This repository releases the core pipeline of **Answer Divergence-Guided Selection (ADG)** for instruction data selection. ADG scores each instruction by the geometric structure of multiple sampled answers, rather than relying on a single reference response. In the paper, ADG consistently improves instruction tuning under a fixed 10K budget across two backbones, three public instruction pools, and six benchmarks spanning reasoning, knowledge, and coding.
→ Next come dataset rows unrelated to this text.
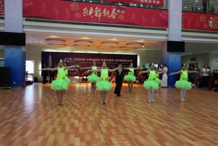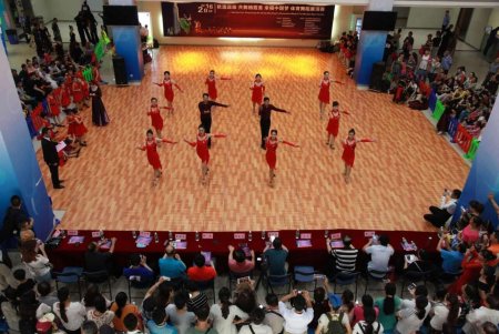 南京全民健身中心有限公司致力于打造“全民健身”品牌,为广大市民健身锻炼提供更好服务,引导科学健身,每年都会针对青少年和老年人策划组织数十场次贴近群众生活的活动。根据南京体育产业集团“季度有主题,唱响四季歌”的要求,全民公司联合南京市体育舞蹈运动协会共同承办了此次展演活动,来自舞蹈艺术学校学生、舞蹈俱乐部和体育舞蹈爱好者共计800多人表演了16个精彩节目。主办方还特邀了12对南京市国标舞的高手,分成三组进行华尔兹、探戈两个舞种的对抗赛,高手们的精彩表现赢得观众的热烈掌声。展演活动的压轴节目是大型集体舞《幸福中国梦》,全部由老年人参演,优美的舞曲、精美的服装、整齐划一的动作,充分展现了老年人老有所乐、健康向上的生活风貌,把整场活动气氛推向最高潮。
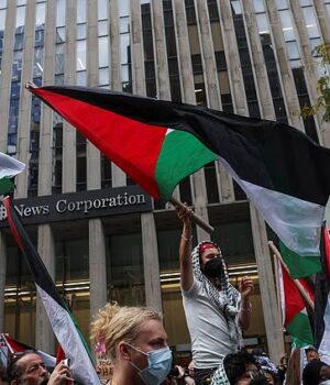 Centenas de manifestantes na NWC reuniram-se em frente ao edifício Fox News e em frente aos campi universitários, com as bandeiras palestinas tremulando e gritando: “A Palestina será livre do rio ao mar”.
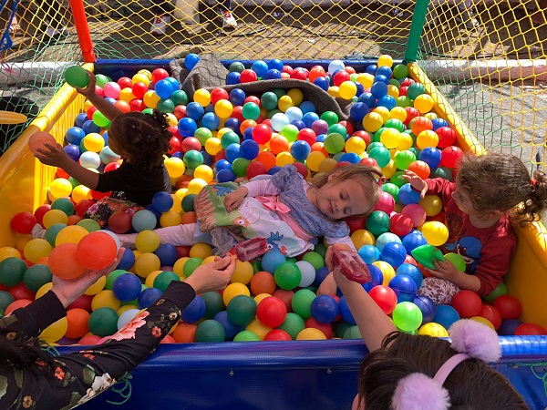 O evento, que começou às 14 horas, em frente à casa dela, contou com a distribuição de cachorro-quente, refrigerante, tortas, picolé, algodão doce e outras guloseimas. Já a diversão ficou por conta dos brinquedos infláveis, música e personagens que ajudaram a entregar os presentes e entreter a criançada.
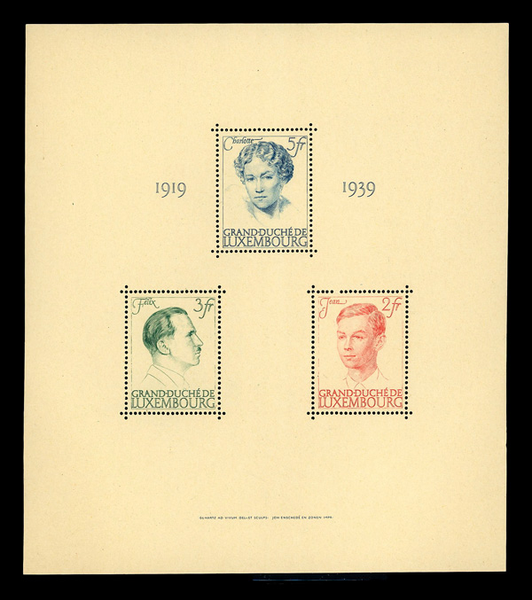9576 nh 217 image1939, Reign Anniversary of Grand Duchess Charlotte, souvenir sheet of 3 (Scott 217), o.g., never hinged, Extremely Fine.
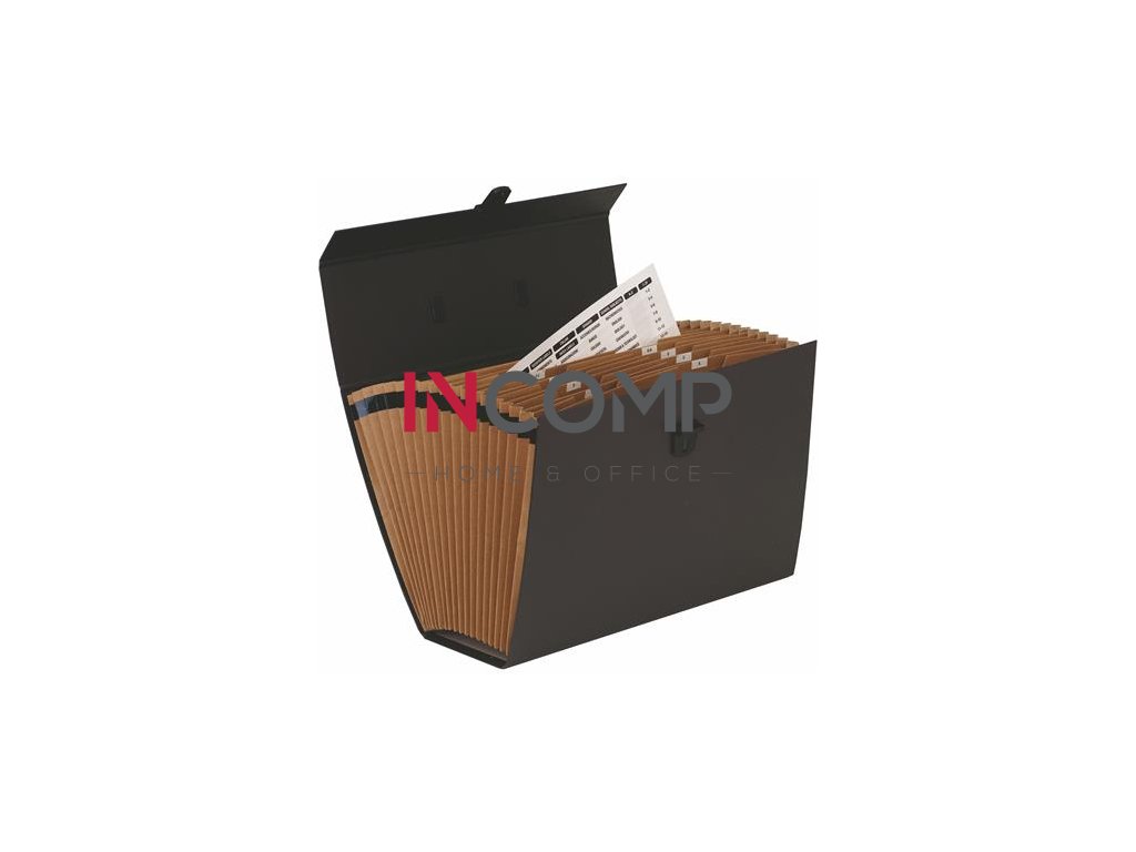 Aktovka s držadlom, kartónová, 19 priehradiek, FELLOWES "Bankers Box Handifile", čierna
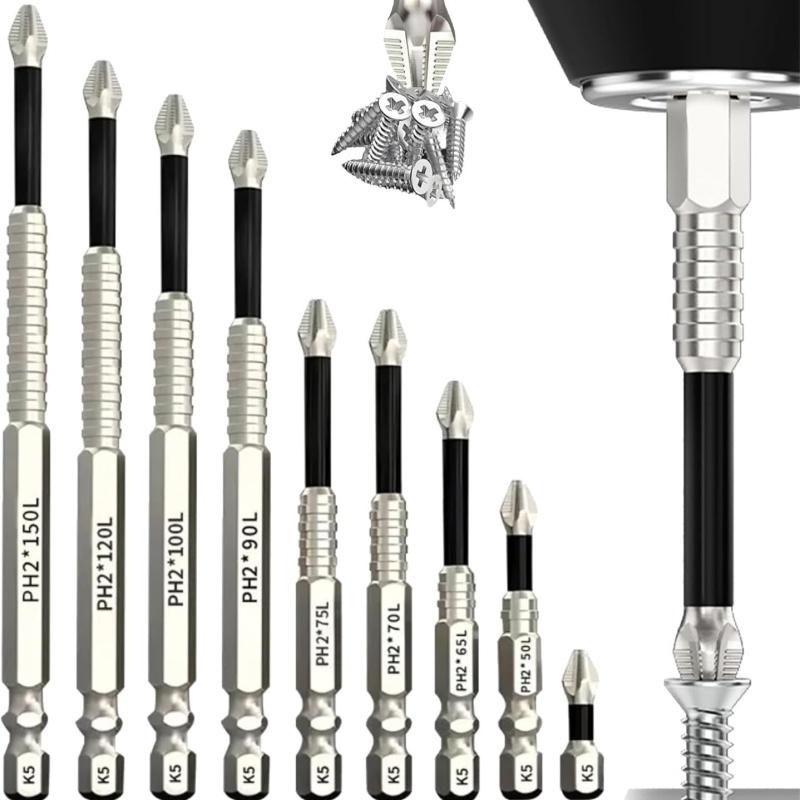 6PCS 9PCS強力磁気吸着滑り止め耐衝撃ビットセット 多サイズ ドライバーK5ビットセット プラス用 電動ドライバー対応 磁性 高硬度 DIYツール
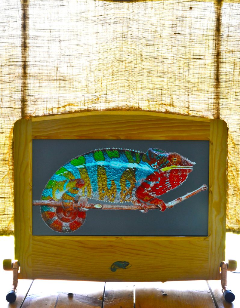 SpectrumView Starlore 27″ Monitor, specially tailored to be backlit by the natural lumen with and with special Sun cloth filter adaptation. 2560 x 1440 (2K), 100Hz, 1ms response time, HDMI, VGA, DisplayPort, 178° viewing angle, VA panel, 8 bit per pixel, semi-glossy finish, external power supply 120/240V. Monitor can also be USB powered with special adapter at request. 75x54x40cm 6.8Kg. You need a window with either direct or indirect sunlight, and preferably without much shadow casting elements, although is easy to get accustomed to them if you do with time. You also need to adapt to the light necessities of the monitor, so most likely rearranging your space will be necessary to be in front of a window, with the Sun cloth filter, otherwise your eyes will not adapt properly to the disproportion of incoming light.
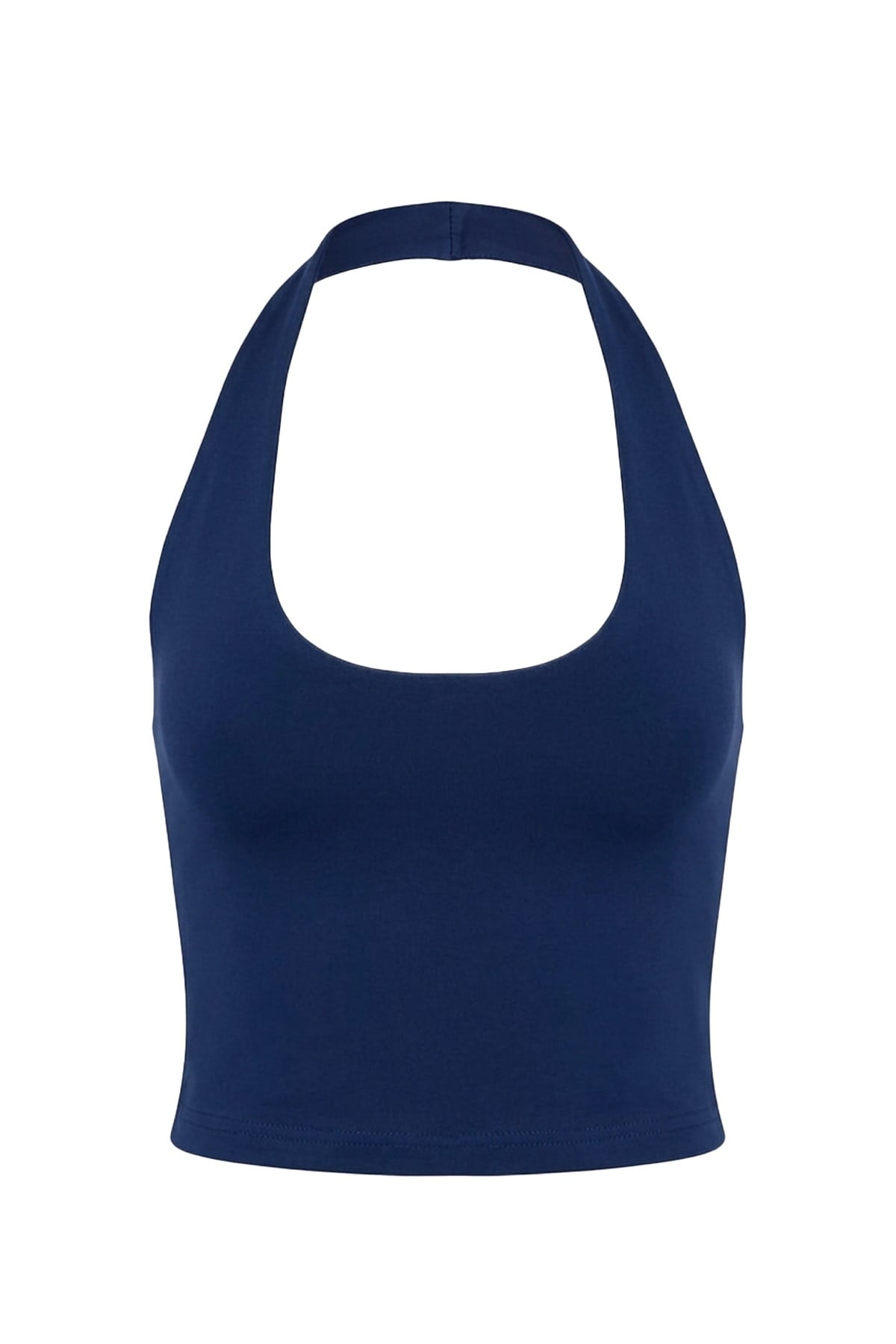 Lacivert Viskon Halter Yaka Sırt Dekolteli Kadın Crop Atlet (CH30053704LC)
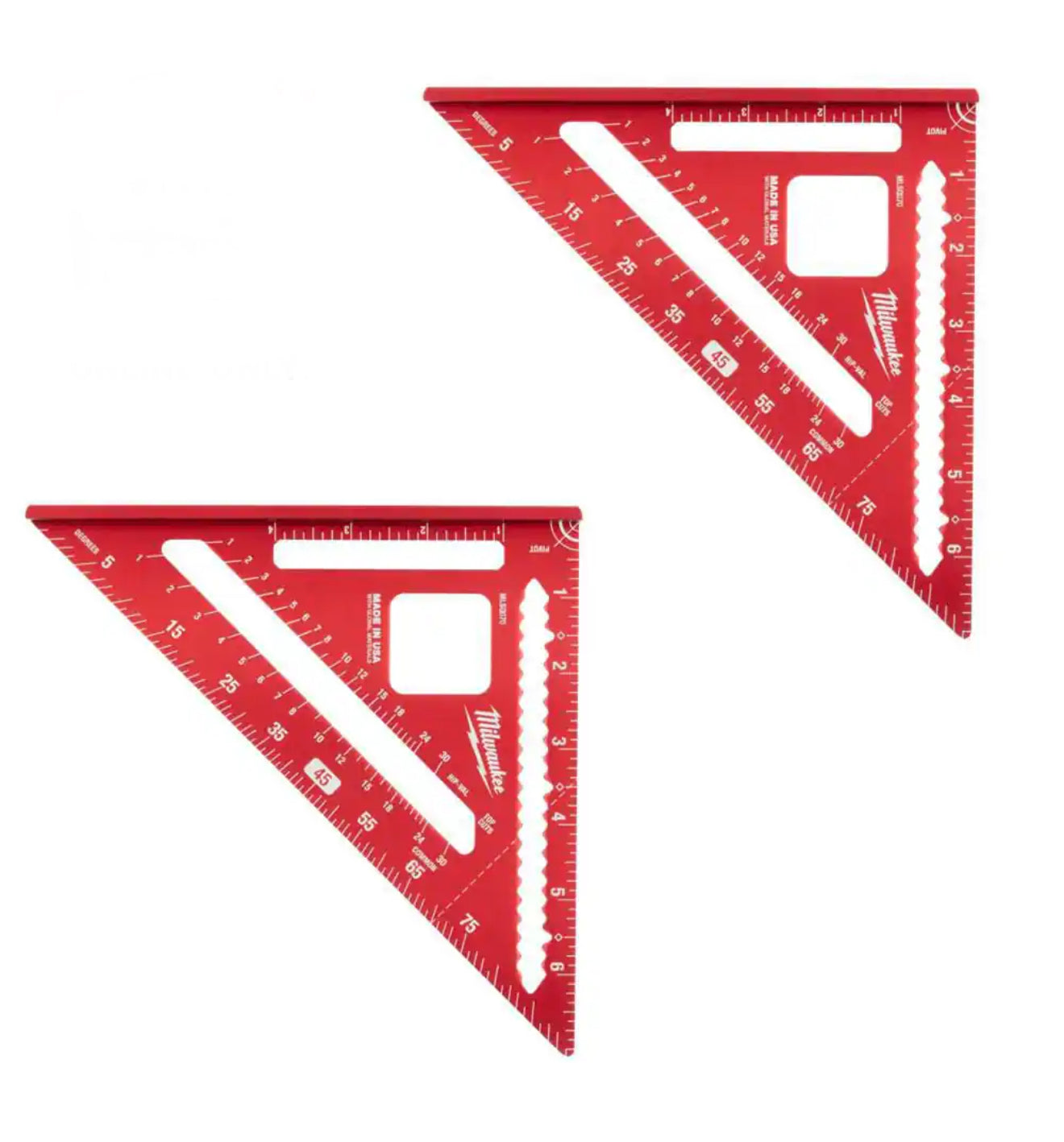 The 2-Pack MILWAUKEE 7 in. Rafter Square has a stronger frame and is the most versatile rafter square. The Milwaukee Rafter Square features scribe notches from 1 in. to 6 in. allowing for easy ripping of lumber. A 1 in. cutout helps prop pipe making it easier to cut on the job sites. A reinforced frame provides durability on the job site and high visibility laser etched markings make it easier to read your Milwaukee Rafter Square.
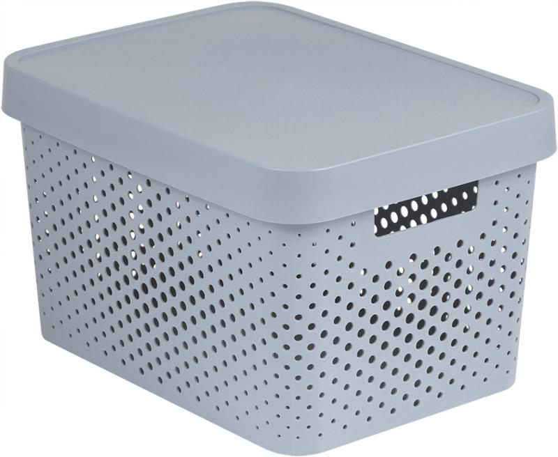 Světle šedá barva a propracovaný design s dírkami ve stěnách definují praktický box o objemu 17 litrů. Včetně víka a děr pro přenášení. Vyrobené ze 100% recyklovaného plastu. Hmotnost 600 gramů.Světle šedý box Infinity Dots značky Curver je vyrobený ze 100% recyklovaného plastu. Přepravka o objemu 17 litrů má praktické víko, takže udrží vše perfektně uvnitř. Navíc je díky tomu můžete stohovat na sebe.
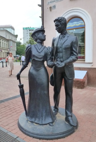 Большое спасибо Ирине за дополнение: "Скульптура посвящена декабристу Анненкову и его жене, француженке Полине Гёбль. После 30-летней сибирской ссылки Анненкову не разрешили поселиться в Петербурге или Москве и он выбрал Нижний Новгород. В 1861 г. он даже был избран нижегородским уездным предводителем дворянства и принял активное участие в подготовке и проведении Крестьянской реформы. Он очень гордился, что ему довелось исполнить главную задачу, которую когда-то определили для себя декабристы. Это единственный памятник уникальной паре, истории любви которой посвящены роман великого А. Дюма ("Учитель фехтования") и СОВЕТСКИЙ художественный фильм ("Звезда пленительного счастья")".
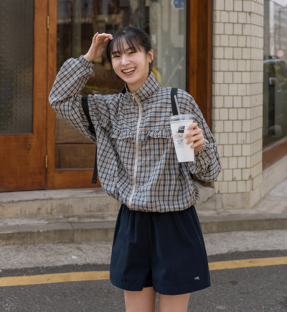 5DA31167NN_러블리한 프릴 체크 경량점퍼

The method combines **dispersion magnitude** and **shape anisotropy**, then performs **bin-wise selection** for semantic coverage. 

---

## ๐ŸŒŸ Overview

Instruction tuning quality depends heavily on which examples are selected under a fixed data budget. ADG addresses this by examining how a base model responds to the same instruction under stochastic decoding.

For each instruction, ADG:

1. samples multiple answers with relatively high-temperature decoding,
2. maps answers into a representation space,
3. computes geometry-aware scores from the sampled answers,
4. ranks examples by the combined score,
5. performs proportional selection within semantic bins.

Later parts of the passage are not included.